2. Tokenization and Embedding

Previously for tokenization we used technique like bag of words or TF-idf. But these doesn’t tell any information about semantic meaning words so we moved to Word embedding which gives us a dense vector of a word, from the vector we can get semantic meaning of word like two words are similar then distance between them would be less example of models is Word2Vec, Glove.

But this has issues like as these word embedding models pre-trained on Wikipedia were either limited by vocabulary size or the frequency of word occurrences, rare words like athazagoraphobia would never be captured resulting in unknown <unk> tokens when occurring in the text.

That’s when BPE comes in picture, it was reproduced a little and used as a sub word tokenization technique, what happens in this is when you create a vocabulary say there is a word “Hyperphobia”, if the occurrence of Hyper and Phobia is more in corpus then in vocabulary “Hyper” and “Phobia” would be stored not “Hyperphobia” and then at the time of inference you get a word like “Hypertension” then it would be converted into “Hyper” and ”Tension”(assuming Tension is a word in vocab) and will be tokenized and we would be having semantic information about both words. So, the conclusion is if you don’t have a word like “Hypertension” in your dictionary you would not get a <unk> token.

For more clear explanation you can visit — https://towardsdatascience.com/byte-pair-encoding-the-dark-horse-of-modern-nlp-eb36c7df4f10

https://towardsdatascience.com/word-embeddings-for-nlp-5b72991e01d4

Now before starting our Transformer model, we need few more things

  • Dataset
  • Data cleaning
  • Vocab file from our corpus and
  • Custom Tokenizer

3. Dataset

I have downloaded dataset from https://github.com/himanshudce/Indian-Language-Dataset (It has huge data for low resourced languages like Tamil, Malayalam, Telugu or Bengali), after taking the data in pandas table it looks like

Sample Dataset

4. Data cleaning

  • preprocess_english method is cleaning English Text
  • preprocess_malayalam method is for cleaning Malayalam Text

5. Creating Vocab file from our corpus

Before starting with Vocab file and Custom Tokenizer.
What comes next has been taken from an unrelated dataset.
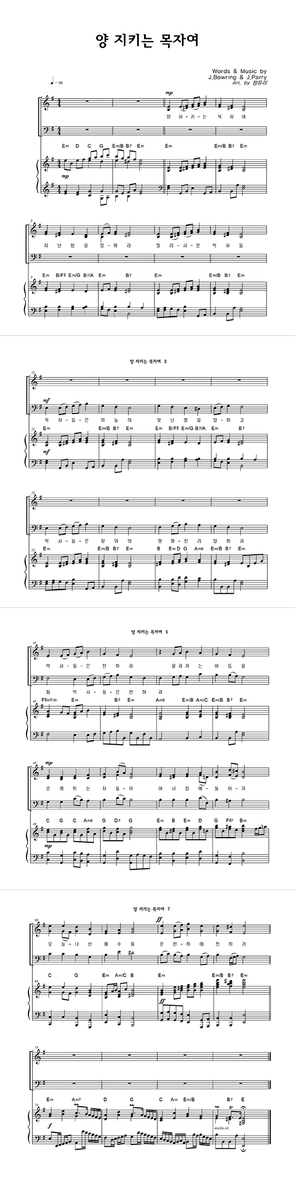 성가 3부 + 피아노 반주 | J. Bowring | J. Parry | 정유리 |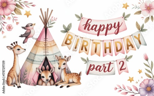 Boho birthday party elements with teepee deer and bird Keywords: birthday, party, boho, tribal

Please go through tensorflow_text, it is a sub module in Tensorflow which gives us methods that help in creating vocab file and custom tokenizer and for better explanation you can visit here.

6. Custom Tokenizer

7. Transformer Model

I am gonna explain few of the important topics with the code that Transformer uses.

Transformer Model

Positional encoding

Since this model doesn’t contain any recurrence or convolution, positional encoding is added to give the model some information about the relative position of the words in the sentence.

The positional encoding vector is added to the embedding vector. Embedding represent a token in a d-dimensional space where tokens with similar meaning will be closer to each other. But the embedding do not encode the relative position of words in a sentence. So, after adding the positional encoding, words will be closer to each other based on the similarity of their meaning and their position in the sentence, in the d-dimensional space.

The formula for calculating the positional encoding is as follows:

Positional encoding formula

Code:

Scaled dot product attention

Scaled dot product attention diagram

The attention function used by the transformer takes three inputs: Q (query), K (key), V (value). The equation used to calculate the attention weights is:

self-attention mathematical representation

The dot-product attention is scaled by a factor of square root of the depth. This is done because for large values of depth, the dot product grows large in magnitude pushing the softmax function where it has small gradients resulting in a very hard softmax.

For example, consider that Q and K have a mean of 0 and variance of 1. Their matrix multiplication will have a mean of 0 and variance of dk. So, the square root of dk is used for scaling, so you get a consistent variance regardless of the value of dk. If the variance is too low the output may be too flat to optimize effectively. If the variance is too high the softmax may saturate at initialization making it difficult to learn.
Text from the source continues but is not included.